Problem details: Beginning at the top of the entries below, retype each line exactly until the line containing "디아2의 누구나 겪었던 접속불가현상마저도 리마스터 되버린 셈임" has been written out; include no pictures and no later lines.

Given records:
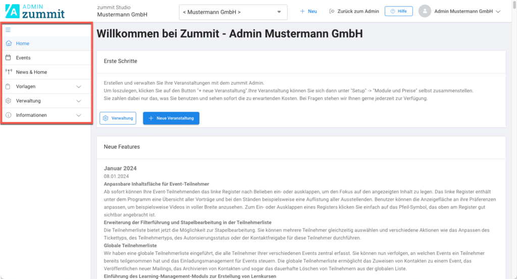 Willkommen im zummitStudio, Ihrer Kommandozentrale für all Ihre Veranstaltungen. Lassen Sie uns einen Blick darauf werfen, wie Sie die Benutzeroberfläche effektiv nutzen, damit Sie Ihr nächstes Event problemlos managen können.
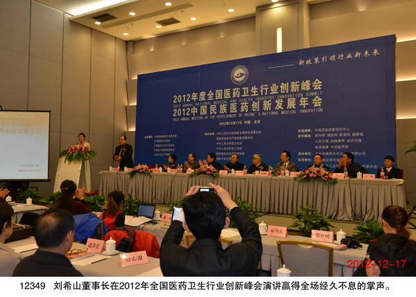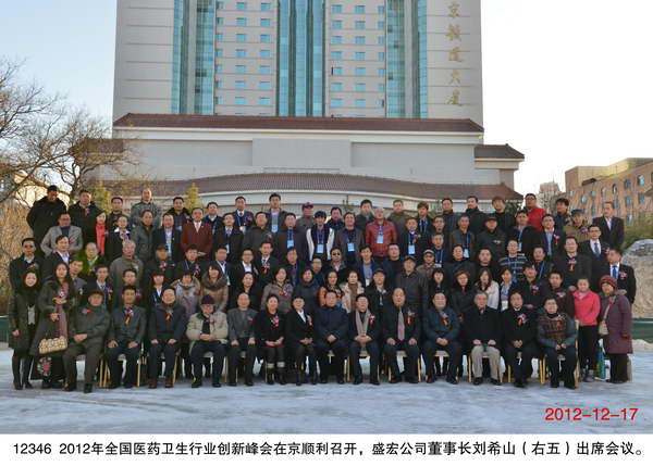 ——盛宏公司連獲三項殊榮 2012 年 12 月 17 日 ,全國醫藥衛生行業創新峰會暨2012中國民族醫藥創新發展年會在北京召開,國家衛生部原副部長、中國醫師協會會長殷大奎,全國工商聯原副主席、著名品牌專家王治國,中國民族醫藥開發委員會副會長、盛宏公司董事長、濰坊盛宏中醫院院長劉希山等出席了會議。大會評選出“盛宏”品牌為“2012中國中醫藥行業最具影響力品牌”、“2012中國中藥提速自主創新第一品牌”,劉希山董事長當選“2012中華中醫藥創新最具影響力人物”,盛宏公司三獲殊榮。
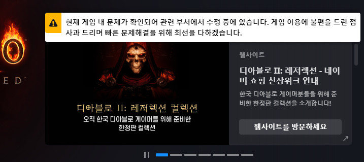 디아2의 누구나 겪었던 접속불가현상마저도 리마스터 되버린 셈임
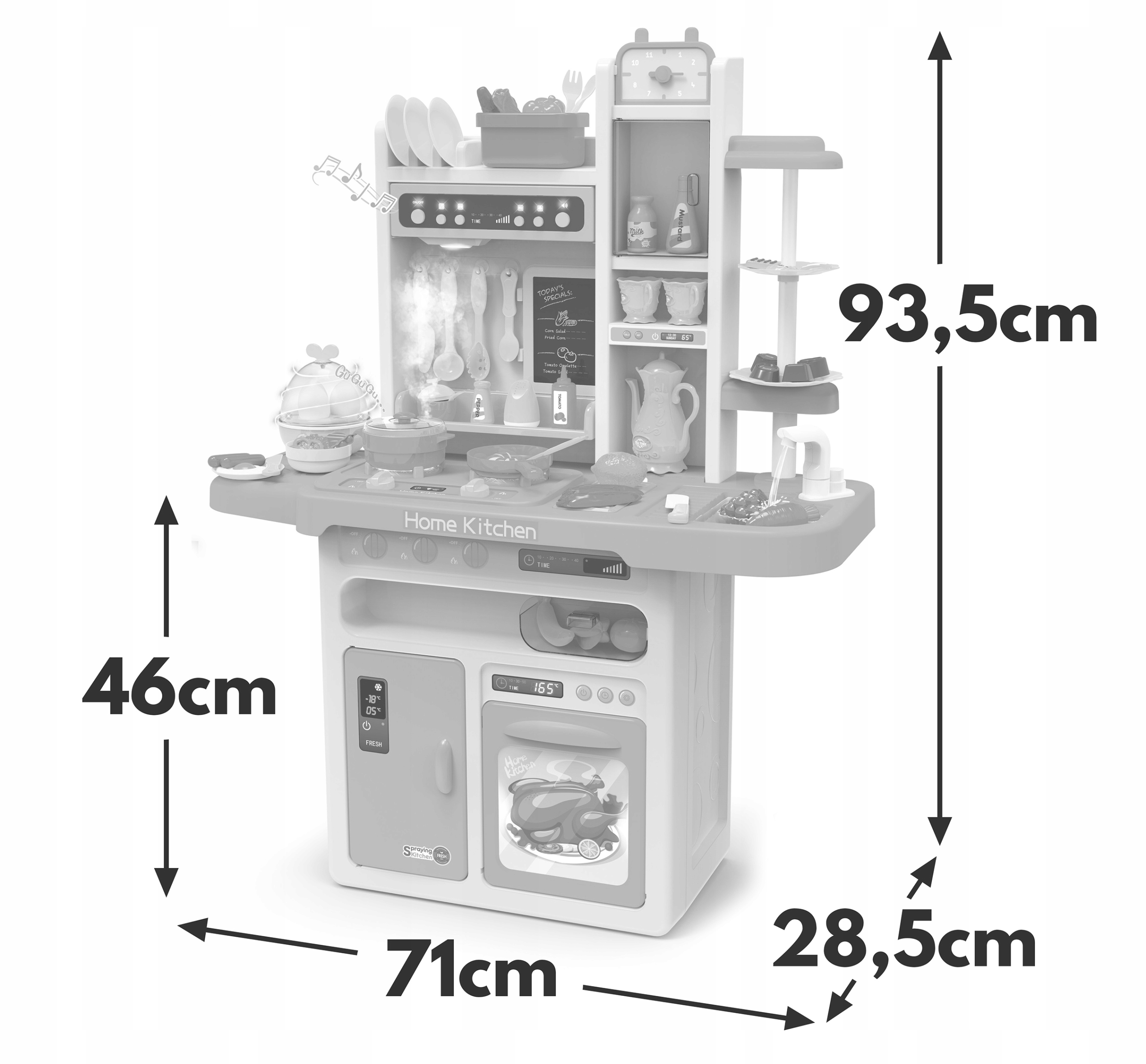 Nu numai ca va incanta un copil, dar ii va dezvolta dexteritatea. Bucataria noastra este o parte integranta a echipamentului fiecarui tanar bucatar (fructe, legume, oale, cani, decantatoare, farfurii, tacamuri, biscuiti, ciocolata, o serie din aceasta perioada cretacica, jajowar, ketchup, mustar, piper, lapte) .
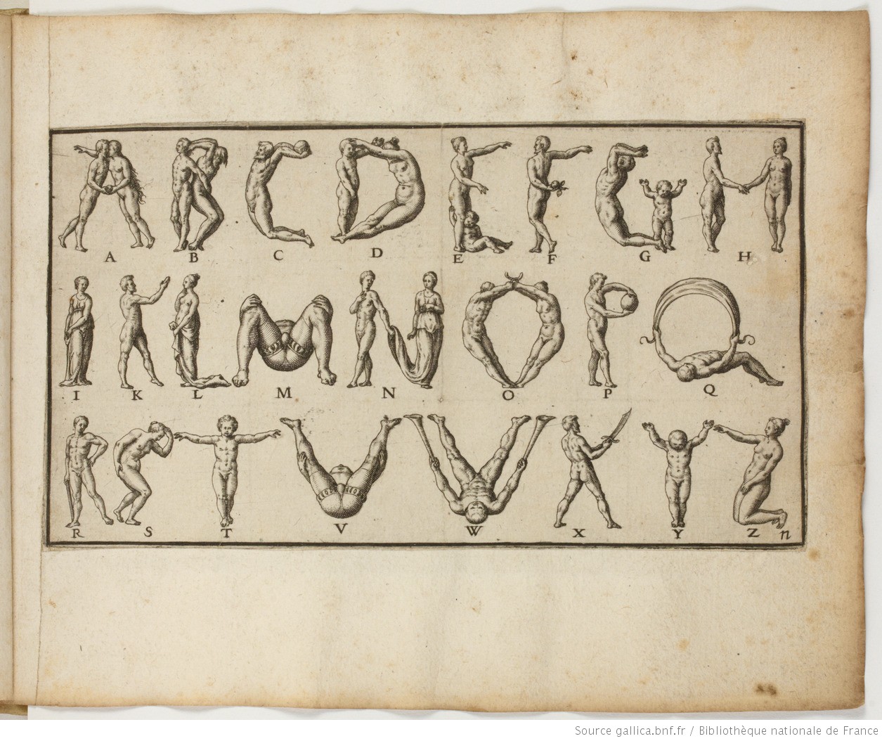 Letters R&S and the human alphabet from Alphabeta et characteres, iam inde a creato mundo ad nostra usq. tempora, apud omnes omnino nationes usurpat (1596). Images: Bibliothèque nationale de France.
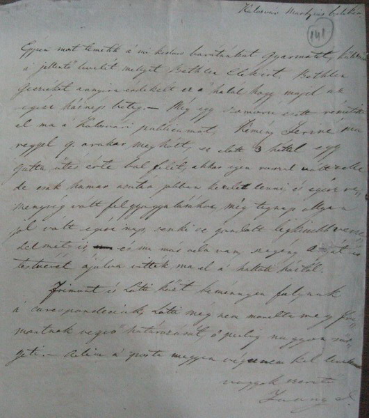 [141r] Kolosvár Martzius 6dikán Éppen most temetik a' mi kedves barátúnkat Gyarmatit, kűldőm a' jellentő levelét mellyet Bethlen Elek irt. Bethlen Gecziék annyira érdekelt ez a' halál hogy majd az egész ház nép beteg. — Még egy szomorú esett rémitette el ma a' Kolosvári publicumot, Kemény Feriné ma reggel 9. orakor meg hólt, ez elott 3 héttel egy gutta űtés érte bal felét, akkor igen rosszul vólt velle de csak hamar azután jobban kezdett lenni, és egész reménység vólt fel gyogyulásához, még tegnap ollyan jol vólt egész nap, senki se gondolt legkissebb veszedelmet-is, <...>[1] és ma már oda van; szegény A[n]yát[2] és testvérét ájúlva vitték ma el a' hallotti háztól. [1] Olvashatatlan.
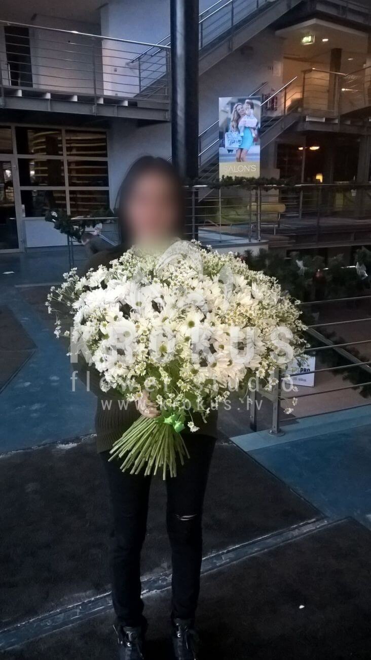 Mēs piegādājām vēl vienu pasūtījumu uz pilsētu . Pasūtītājs vēlējās: Ziedu piegāde Margrietiņu pušķis
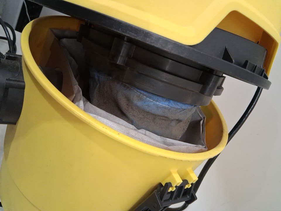 there is dirt in the vacuum and the filter. it has an odor as well as there is a black scuff mark near the logo on the front. tested for power.
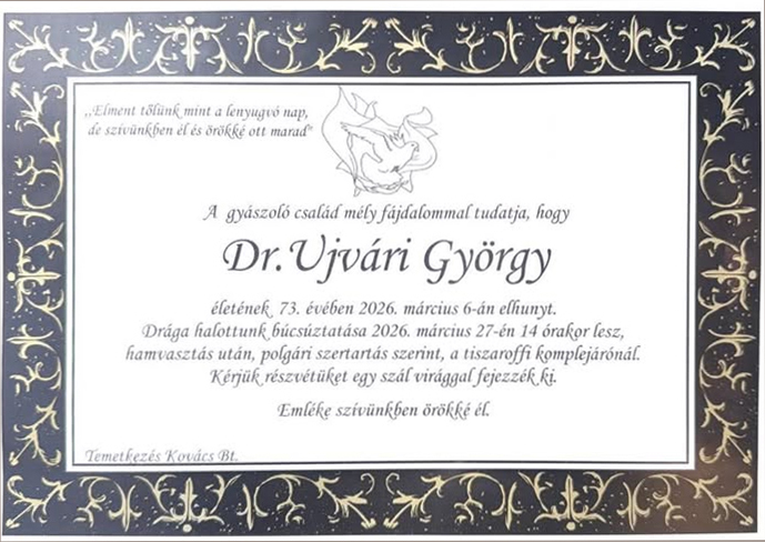 TISZTELETTEL EMLÉKEZÜNK SZERETETT MUNKATÁRSUNKRA, PORTÁSUNKRA, DR. UJVÁRI GYÖRGYREEgyéb / 2026-03-11 2026-03-27

Answer space:
 Willkommen im zummitStudio, Ihrer Kommandozentrale für all Ihre Veranstaltungen. Lassen Sie uns einen Blick darauf werfen, wie Sie die Benutzeroberfläche effektiv nutzen, damit Sie Ihr nächstes Event problemlos managen können.
 ——盛宏公司連獲三項殊榮 2012 年 12 月 17 日 ,全國醫藥衛生行業創新峰會暨2012中國民族醫藥創新發展年會在北京召開,國家衛生部原副部長、中國醫師協會會長殷大奎,全國工商聯原副主席、著名品牌專家王治國,中國民族醫藥開發委員會副會長、盛宏公司董事長、濰坊盛宏中醫院院長劉希山等出席了會議。大會評選出“盛宏”品牌為“2012中國中醫藥行業最具影響力品牌”、“2012中國中藥提速自主創新第一品牌”,劉希山董事長當選“2012中華中醫藥創新最具影響力人物”,盛宏公司三獲殊榮。
 디아2의 누구나 겪었던 접속불가현상마저도 리마스터 되버린 셈임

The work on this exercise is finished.